**Material provided**
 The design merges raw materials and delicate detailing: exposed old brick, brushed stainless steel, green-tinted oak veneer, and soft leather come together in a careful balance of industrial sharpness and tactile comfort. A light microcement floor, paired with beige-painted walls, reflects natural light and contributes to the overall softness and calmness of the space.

---

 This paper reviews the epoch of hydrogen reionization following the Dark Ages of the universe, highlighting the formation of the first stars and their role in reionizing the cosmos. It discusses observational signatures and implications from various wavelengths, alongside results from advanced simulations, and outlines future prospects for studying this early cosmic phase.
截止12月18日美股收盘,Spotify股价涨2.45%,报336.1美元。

**What to produce**
Copy out each line of the data above, exactly, if it lies between the line holding "This paper reviews" and the line holding "截止12月18日美股收盘,Spotify股价涨2.45%,报336.1美元。", inclusive; copy no other line.

**Answer space**
 This paper reviews the epoch of hydrogen reionization following the Dark Ages of the universe, highlighting the formation of the first stars and their role in reionizing the cosmos. It discusses observational signatures and implications from various wavelengths, alongside results from advanced simulations, and outlines future prospects for studying this early cosmic phase.
截止12月18日美股收盘,Spotify股价涨2.45%,报336.1美元。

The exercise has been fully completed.